Are you next?
Toyota memo calls for lower labor costs

In this issue of
On the Line News
1. Toyota memo calls for lower labor costs
2. Family and medical leave
3. History from the ground up
4-5. The new American auto industry
6. Organizing Spotlight
7. Industry Issues
8. Does your Employer owe you money? Donning & doffing
9. Mother of 10 terminated by Nissan

Toyota has a plan for your wages and benefits, and it’s not what you might think it is.

Why?  Because, when it came to wages and benefits, Toyota used to look to the Big Three and their workers’ hard–won pay and compensation as a benchmark for setting Toyota’s worker’s wages. 

But the newly revealed five-year plan from Toyota shows an about-face to that approach; as the Big Three began reporting sales slumps, Toyota started to take the lead in sales.  Now that they’re on top, it appears they’re using that position to push autoworker wages and benefits down, not up, for all workers despite record profits.

Why the race to the bottom?

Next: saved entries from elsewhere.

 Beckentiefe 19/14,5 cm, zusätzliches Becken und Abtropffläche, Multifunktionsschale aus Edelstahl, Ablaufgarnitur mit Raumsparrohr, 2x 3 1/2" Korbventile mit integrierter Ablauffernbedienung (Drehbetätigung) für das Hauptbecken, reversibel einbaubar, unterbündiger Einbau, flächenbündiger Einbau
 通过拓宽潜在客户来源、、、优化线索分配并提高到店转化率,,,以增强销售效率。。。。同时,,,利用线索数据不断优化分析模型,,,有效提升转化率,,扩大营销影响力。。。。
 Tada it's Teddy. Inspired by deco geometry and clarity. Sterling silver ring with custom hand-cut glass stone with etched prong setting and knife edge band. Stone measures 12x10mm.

Toyota, the world’s most profitable auto maker, “is developing strategies which will reduce labor costs by $300 million by fiscal 2011.” That’s according to a “Self-Reliance Plan,” a document authored by Seiichi Sudo, president and chief operating officer of Toyota Engineering and Manufacturing in North America (TEMA), which outlines how the company can maintain its profit margins by cutting employee wages and benefits.

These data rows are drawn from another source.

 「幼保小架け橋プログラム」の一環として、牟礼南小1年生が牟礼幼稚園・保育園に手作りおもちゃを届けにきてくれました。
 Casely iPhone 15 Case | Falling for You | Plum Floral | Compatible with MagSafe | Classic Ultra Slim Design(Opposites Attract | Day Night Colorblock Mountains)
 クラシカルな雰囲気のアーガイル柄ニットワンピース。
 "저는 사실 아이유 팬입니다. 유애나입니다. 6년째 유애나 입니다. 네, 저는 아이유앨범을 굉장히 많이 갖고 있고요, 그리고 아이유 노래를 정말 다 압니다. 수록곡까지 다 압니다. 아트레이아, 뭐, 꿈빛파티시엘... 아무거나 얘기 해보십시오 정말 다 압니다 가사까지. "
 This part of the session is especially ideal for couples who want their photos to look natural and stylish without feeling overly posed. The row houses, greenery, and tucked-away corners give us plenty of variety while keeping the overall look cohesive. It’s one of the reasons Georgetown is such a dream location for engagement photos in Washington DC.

A close examination of Sudo’s “Self-Reliance Plan” – and the hot line e-mail which attempted to explain the cost cutting plan – shows why Toyota is so sensitive about this subject.  The company is attempting to reverse 25 years of United States  automotive history.

Starting in the 1980s, Toyota, Honda, Nissan and other global auto companies have been locating new plants in the United States, since the United States has the world’s largest vehicle market and is the most profitable place on earth to sell cars and trucks.

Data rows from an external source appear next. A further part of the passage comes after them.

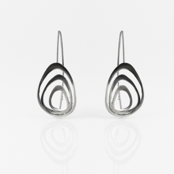 Sterling silver earrings. Dimensions: 1.9 cm in width x 3.8 cm in length. One earring approximate weight: 1.6 g.
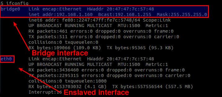 同时,检查可用的接口。提醒一下,网桥接口必须已经取代了任何你的以太网卡接口拥有的IP地址。
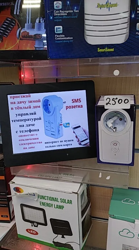Розетка стоит на даче. Включает/выключает обогреватель. Всё работает по смс. Доставка несколько дней до двери квартиры.
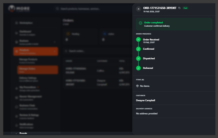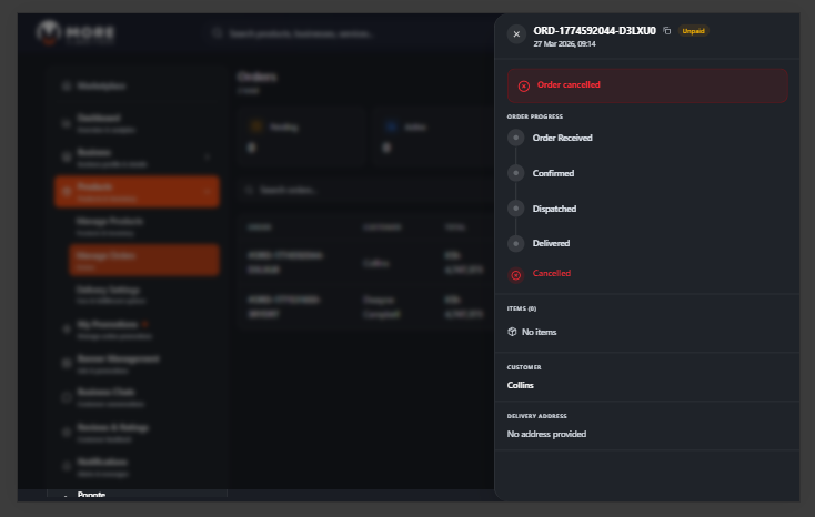 | Dispatched | Order has been handed to a courier or is on its way. |
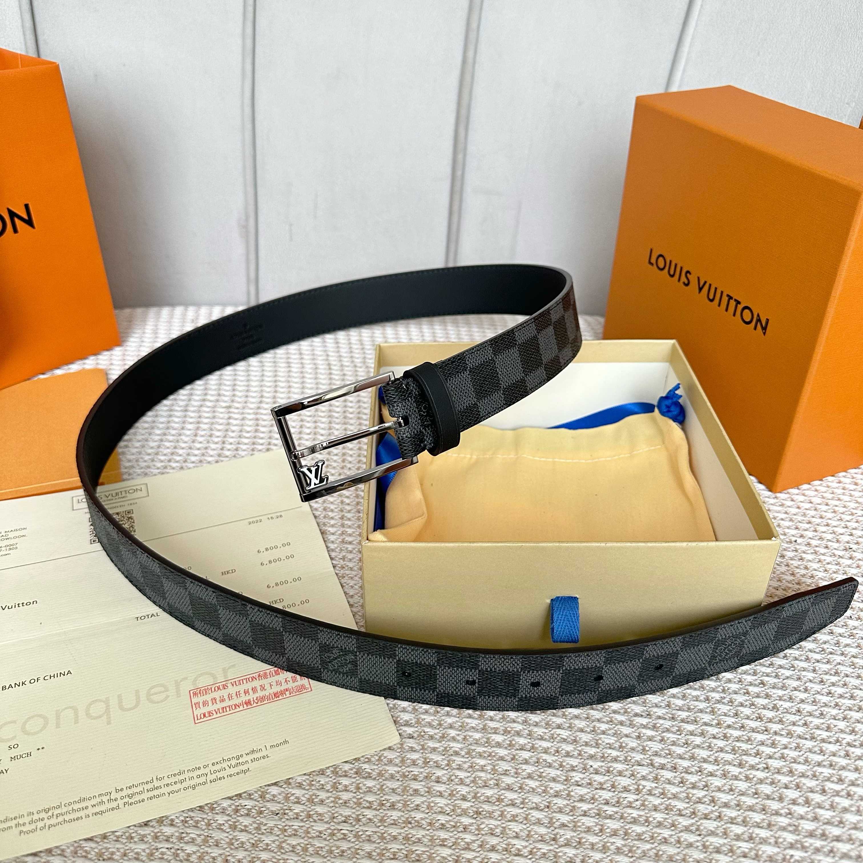 这款皮带是AAAAA 1:1 质量 (非常棒). 使用了和原版一模一样的材料. 商标部分也保持了和路易威登/Louis Vuitton一样. 图片拍摄是实物皮带拍摄, 您所收到的实物保证和我们图片一模一样.
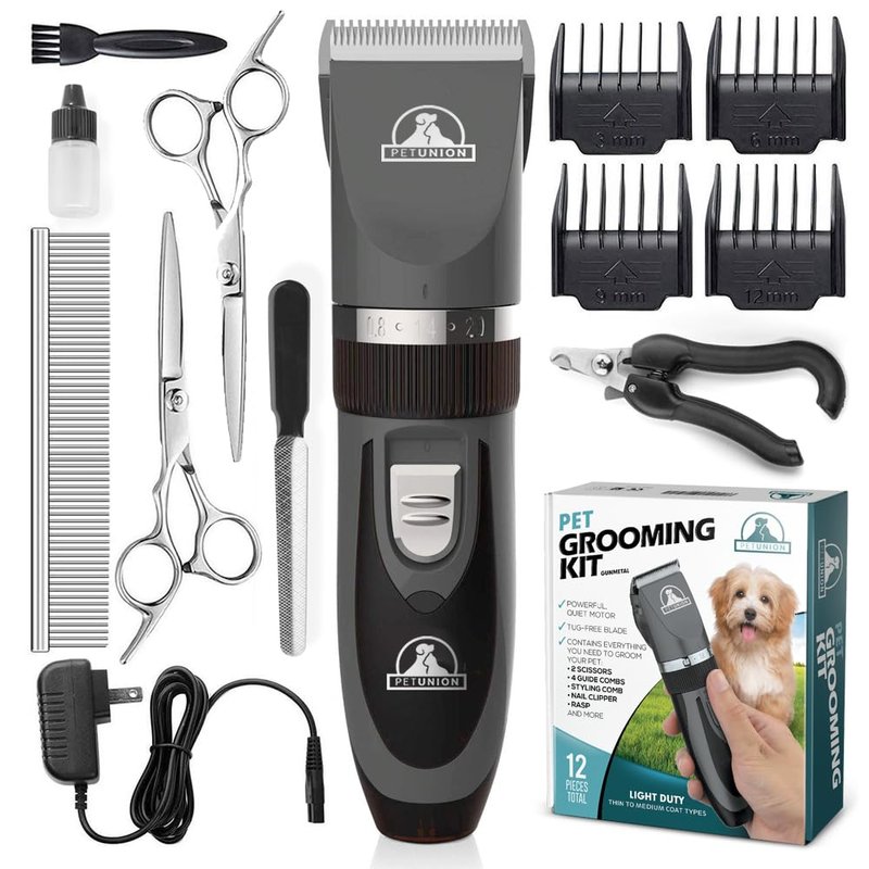 Pet Union Professional Dog Grooming Kit - Rechargeable, Cordless Pet Grooming Clippers & Complete Set of Dog Grooming Tools. Low Noise & Suitable for Dogs, Cats and Other Pets
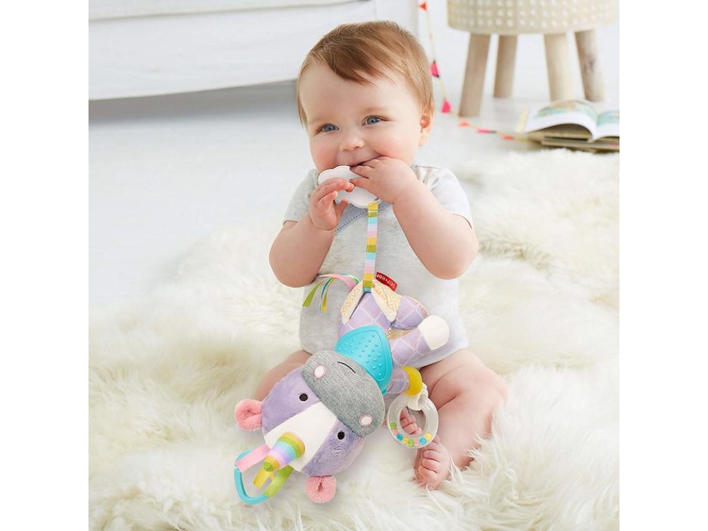 Gyönyörű játék praktikus babakocsi-rögzítővel, susogó fülekkel, a zsebében vagy a mancsában rágóka vagy csörgő található. A nyakában kendő/rágóka van, amely levehető és külön használható. Az egész játék csodálatos hangot ad ki, mint egy csörgő, amikor megrázzák. 0% BPA-t, 0% PVC-t, ftalátmenteset tartalmaz.

Since that time wages and benefits paid at Toyota and other global factories have closely tracked the industry standard set by members of the United Auto Workers.  This has been, in part, a strategy to convince workers they do not need a union, and in part a necessity to attract and retain quality workers.

But conditions are changing in the global auto industry. Toyota has now surpassed GM as the No. 1-selling car company in the world.  And Toyota is now determined to set its own wage standard, instead of following what UAW members have worked for years to achieve at the negotiating table with GM and other companies.  It’s a trend expected to set the standard for other auto companies in the United States as they also begin to look at employee compensation when considering how to keep profits steady – and rising – over the long run.

Toyota’s cost cutting will focus, wrote Sudo, on “Headcount and Rate (Wages and Benefits). Our strategy moving forward is to base our hourly wages more closely with the state manufacturing wages where each plant is located, and not tie ourselves so closely to the U.S. auto industry, or other competitors,” he added.  Specific strategies for reducing costs outlined in Sudo’s memo include  increasing employee costs for health care through premiums and co-pays; creating a “cafeteria plan” of coverage to restrict costs; and establish more company-run clinics and pharmacies with doctors on the company payroll “to improve our ability to manage costs.”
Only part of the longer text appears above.